Image © James Castle Collection and Archive
A few months ago, the City of Boise completed the purchase of the James Castle Home Site, the West Boise property where Idaho’s most famous visual artist lived and worked from 1931 until his death in 1977.
Born deaf and possessing little ability to communicate, Castle was a self-taught artist who is recognized as one of the most important of the 20th century. His primary medium was soot and spit, applied with a stick to scraps of paper and cardboard.
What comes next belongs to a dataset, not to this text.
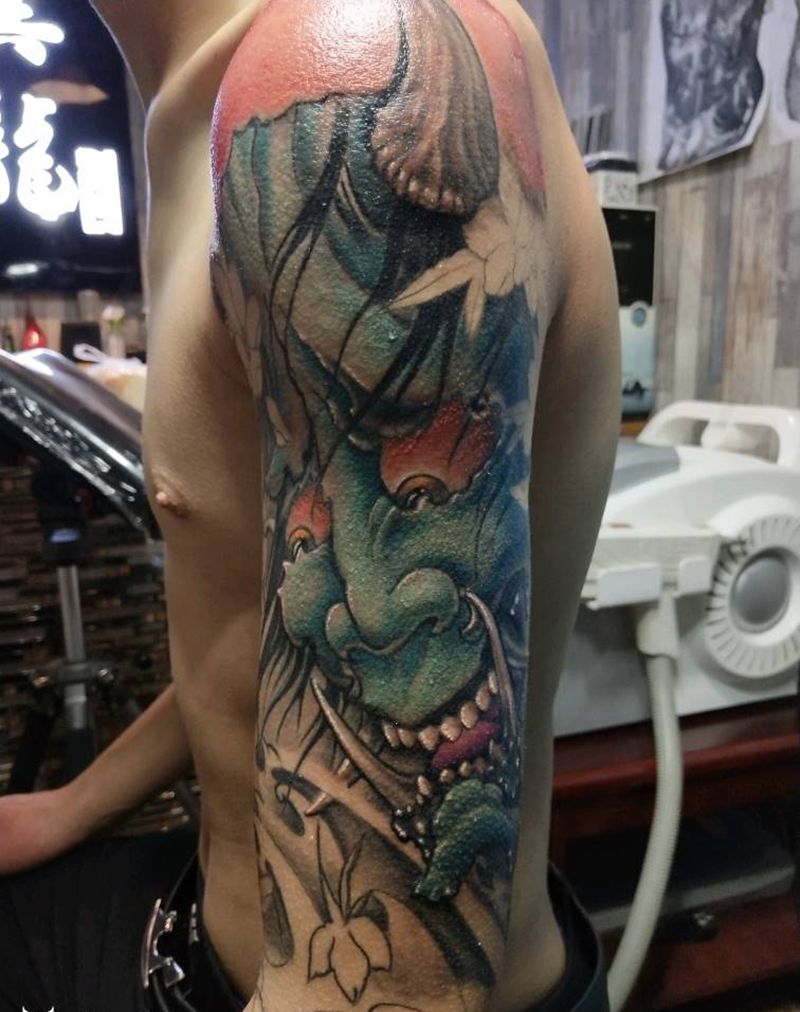 当前位置: 首页 >山西省太原市纹身店-太原翼龙刺青工作室纹身图案>班若妖姬花臂纹身图片_手臂传统人物鬼神成品手稿插画纹身图案

Today, Castle’s works are exhibited in such places as the Philadelphia Museum of Art, the Smithsonian American Art Museum, and the Boise Art Museum, which holds the largest museum collection of his pieces.
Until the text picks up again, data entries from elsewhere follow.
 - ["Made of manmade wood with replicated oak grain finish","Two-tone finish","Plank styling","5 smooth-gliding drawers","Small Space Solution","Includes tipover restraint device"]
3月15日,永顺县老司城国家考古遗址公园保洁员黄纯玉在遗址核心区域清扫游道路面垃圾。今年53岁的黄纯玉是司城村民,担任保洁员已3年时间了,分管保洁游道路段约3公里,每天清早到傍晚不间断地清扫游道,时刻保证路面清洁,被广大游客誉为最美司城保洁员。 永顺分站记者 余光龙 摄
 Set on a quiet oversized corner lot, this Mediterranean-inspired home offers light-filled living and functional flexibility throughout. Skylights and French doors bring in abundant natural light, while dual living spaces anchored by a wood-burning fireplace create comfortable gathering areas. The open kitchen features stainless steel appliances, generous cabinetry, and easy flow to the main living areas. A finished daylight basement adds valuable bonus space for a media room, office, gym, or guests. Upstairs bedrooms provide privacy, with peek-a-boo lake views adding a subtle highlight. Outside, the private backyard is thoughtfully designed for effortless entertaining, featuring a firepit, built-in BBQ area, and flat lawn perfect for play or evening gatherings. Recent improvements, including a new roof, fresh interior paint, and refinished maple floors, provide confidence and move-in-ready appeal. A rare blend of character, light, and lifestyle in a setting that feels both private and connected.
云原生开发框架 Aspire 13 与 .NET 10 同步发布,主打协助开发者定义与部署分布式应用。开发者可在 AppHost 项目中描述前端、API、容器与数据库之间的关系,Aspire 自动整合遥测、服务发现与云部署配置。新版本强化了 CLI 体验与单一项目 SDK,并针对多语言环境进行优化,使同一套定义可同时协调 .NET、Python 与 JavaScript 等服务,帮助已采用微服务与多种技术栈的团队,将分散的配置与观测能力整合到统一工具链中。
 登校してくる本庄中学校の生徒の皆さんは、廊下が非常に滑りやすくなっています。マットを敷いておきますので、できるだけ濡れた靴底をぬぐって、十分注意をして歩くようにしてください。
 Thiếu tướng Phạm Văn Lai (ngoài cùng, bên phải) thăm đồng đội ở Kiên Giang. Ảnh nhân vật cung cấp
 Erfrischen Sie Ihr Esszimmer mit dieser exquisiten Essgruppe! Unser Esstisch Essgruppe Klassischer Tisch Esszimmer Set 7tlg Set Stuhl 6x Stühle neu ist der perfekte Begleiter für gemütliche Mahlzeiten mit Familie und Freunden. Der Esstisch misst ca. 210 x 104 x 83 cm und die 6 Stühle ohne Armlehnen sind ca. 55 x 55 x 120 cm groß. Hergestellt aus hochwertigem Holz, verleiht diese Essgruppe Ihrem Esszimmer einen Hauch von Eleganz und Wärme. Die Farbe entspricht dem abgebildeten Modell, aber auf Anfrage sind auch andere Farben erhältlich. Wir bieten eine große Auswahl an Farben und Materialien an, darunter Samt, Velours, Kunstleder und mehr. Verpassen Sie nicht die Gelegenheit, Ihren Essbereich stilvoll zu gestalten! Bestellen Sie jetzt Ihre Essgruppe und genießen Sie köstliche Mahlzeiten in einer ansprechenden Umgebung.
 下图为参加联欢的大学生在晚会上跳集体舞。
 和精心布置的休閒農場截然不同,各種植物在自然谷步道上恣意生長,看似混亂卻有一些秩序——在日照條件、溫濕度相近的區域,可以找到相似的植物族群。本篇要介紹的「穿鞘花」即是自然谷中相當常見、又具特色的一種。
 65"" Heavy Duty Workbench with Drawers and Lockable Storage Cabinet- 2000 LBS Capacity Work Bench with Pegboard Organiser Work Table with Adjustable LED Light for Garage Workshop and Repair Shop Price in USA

When renovations to the Castle family home are completed in 2017, our Department of Arts & History will have done more than just preserve an important cultural site; our city will also have a new space for art exhibitions, workshops, and artists-in-residence programs.
Coincidentally, October is National Arts & Humanities Month, an opportunity to reflect on the critical importance of the visual and performing arts, history, and culture in creating a unique sense of place and enhancing our livability. The City of Boise recognized this early on, and in 2008 we became one of the first cities of our size in the nation to create a separate department-level agency devoted entirely to supporting and enhancing arts and history in our community.
In the years since, the Department of Arts & History, under the leadership of Terri Schorzman, has saved 1,895 historic documents and objects, provided grants totaling more than $900,000 to 355 individuals and organizations, and built a city art collection now valued at $4.2 million. All of this and more has been accomplished on a budget that represents a mere penny on every dollar of city-wide spending.
Next month, the department will unveil a new city-wide cultural plan, which will outline ways to foster Boise’s art and culture in the years to come.
Preservation and restoration of the James Castle Home Site is an excellent example of that approach and of how relics of the past can, with foresight and determination, become our community’s treasures of the future.